|Home > Misc > The Wall Of Pain|
Many shops, garages and service centers have a trophy area to display interesting failures and solutions to weird problems. This goes by many names; "Wall Of Pain", "Shelf Of Pain" and "Hall Of Failures" being common. In general these areas are away from customer's prying eyes and provide motivation and entertainment for those working in the shop. As a computer tech I see some interesting and weird failures myself. While I will probably never get around to hanging them on the "Wall Of Pain", I have placed them here on this virtual version to shock and entertain all who view.
Years ago one of the first terrifying service calls I had to make was to a customer who's accounting system had just failed. This system ran on a very old and (literally) crusty 286 that had been in use I was in elementary school. The issue I was called on was a complete failure of the system: upon turning it on in the morning, it simply would not boot. After doing the standard diagnosis (check power supply, peripherals, etc.) I found that the culprit was the hard drive. It was no longer being detected by the system, causing it to hang on startup. Before leaving the customers I requested the backup tapes so I could restore the previous day's backup after I installed a new hard drive. Seeing some confusion on the customer's face at the mention of "tape", I glanced at the front of the system and for the first time noticed that there was no tape drive. Upon being asked how the backup was performed, the customer informed me that the system (which had been in use for at least 10 years) had never been backed up.
When I got the machine back to the shop I figured that I might as well take a close look at the hard drive. After all, it would have to go out for data recovery anyway so it's not like I was worried about voiding the warranty. And if I could fix it, the customer could be up and running within an hour instead of a week.
I popped the cover off the hard drive and to my amazement the problem was totally obvious.
Take a very close look at the green wire along the bottom of the drive. Notice how it's connection to the terminal block is a bit strange compared to the red? You can see the details in the image below...
If you look carefully you will see a small bit of solder on the green wire. The hard drive had failed because the green wire fell out of the terminal block and was floating around the inside of the case. I soldered the wire back in place, put the cover back on the drive and it booted up as if nothing had happened.
After I made a copy of the vital data and transferred it to a new hard drive, the computer was returned to the customer. Shortly after a backup strategy was developed, which lasted a few months until the system was replaced with something written in this century.
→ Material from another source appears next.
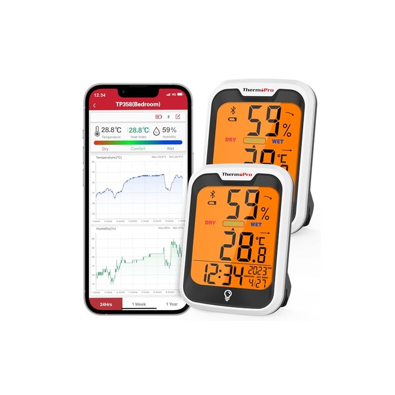 ThermoPro TP358 Bluetooth Thermometer for Room Temperature with Built-in Clock, Smart Temperature Sensor and Humidity Meter with Backlit, 260Ft Hygrometer Indoor Thermometer with Data Storage Export
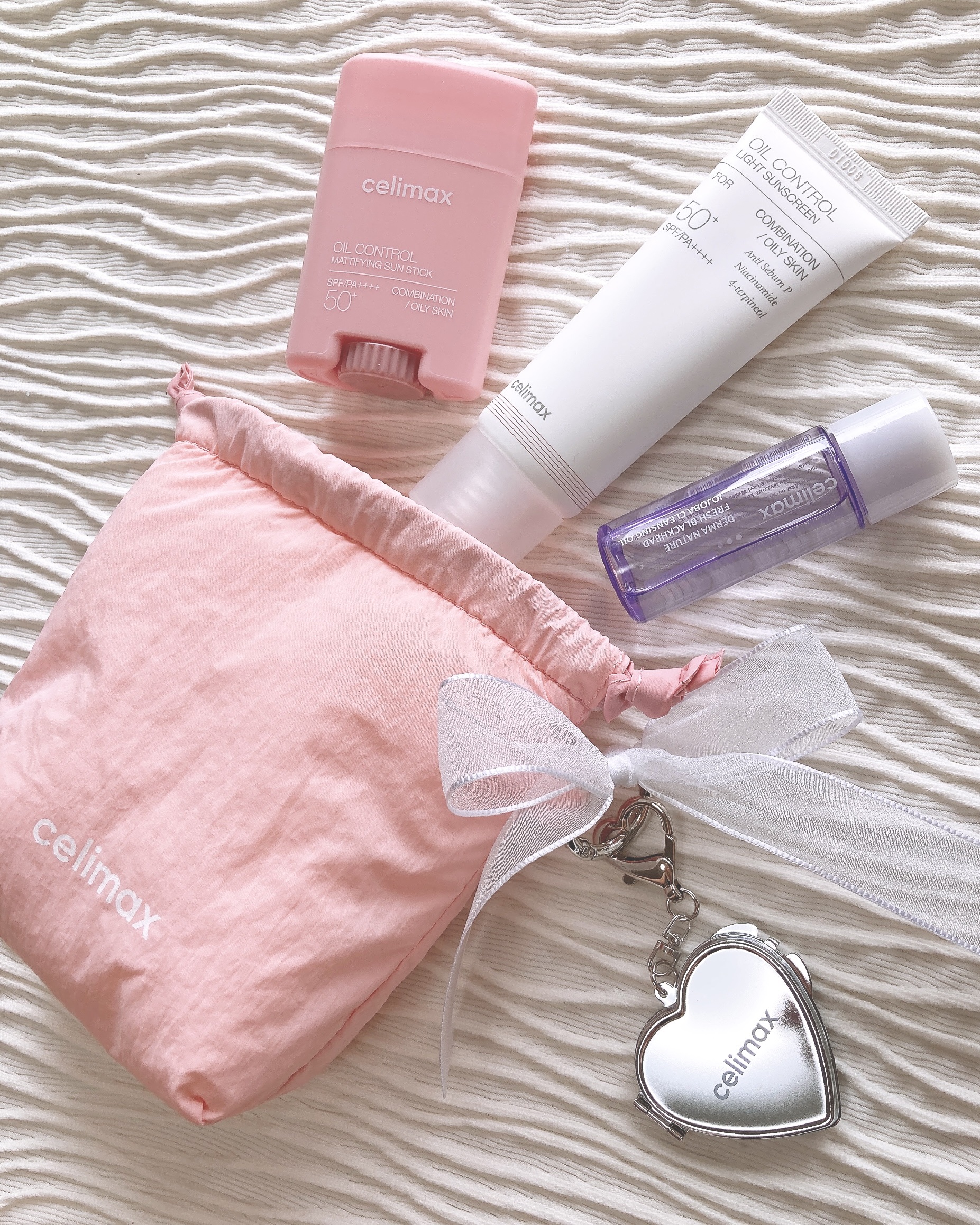celimaxのアイテムで持ち歩き用のオイルコントロールキットを作ろう!・オイルコントロール日焼け止めスティック・オイルコントロール日焼け止め・フレッシュクレンジングオイル(ミニサイズ)・ハートミラーキーホルダー・ミニポーチオイルコントロール...

In July of 2005, I got a call on a boring Wednesday around noon that a customer's server was down. Apparently, there was an "electrical disturbance" earlier, the server shut down, and now it would not boot up. I was not in a position to go on-site, so I was instructing a consultant over the phone in what to do. In the meantime the details of the electrical disturbance emerged. It seems that a squirrel had somehow managed to get himself/herself between the primary and secondary of the transformer outside the building, thus shunting 13,500V into the building's wiring. The squirrel was vaporized, and the UPS seemed to protect the server and all attached equipment yet strangely one hard drive was hit.
We went through the standard checks, but the server (running NT4) would take forever to POST, NT would hang at it's blue boot screen for minutes at a time, and then finally show a blue-screen-of-death and a core dump. Based on what the consultant observed, I told him that it was likely a bad HD and he would have to remove the disk from the SCSI chain until I could get there and replace it. Luckily, the server was set up with 4 drives, in two mirror sets. So removal would still leave one half of the mirror in tact, and thus the customer could keep working in the meantime.
A few nights later the customer was finally able to shut down the server at the end of the day, so we went about replacing the HD. Upon removal of the dead Quantum Viking II 9.1 gig drive, it was noticed that the drive had an odd rattle to it. So after the new drive was installed and while we were waiting for the mirror to resync, I opened up the old drive. To say that I was astonished with what I saw would be an understatement.
This is the worst drive destruction I have ever seen. As far as I can tell, when the surges and spikes hit, the heads got welded to the surface of the platter. Since the drive was spinning at 10K RPM at the time, the welds then broke free and the heads proceeded to grind their way through the platter.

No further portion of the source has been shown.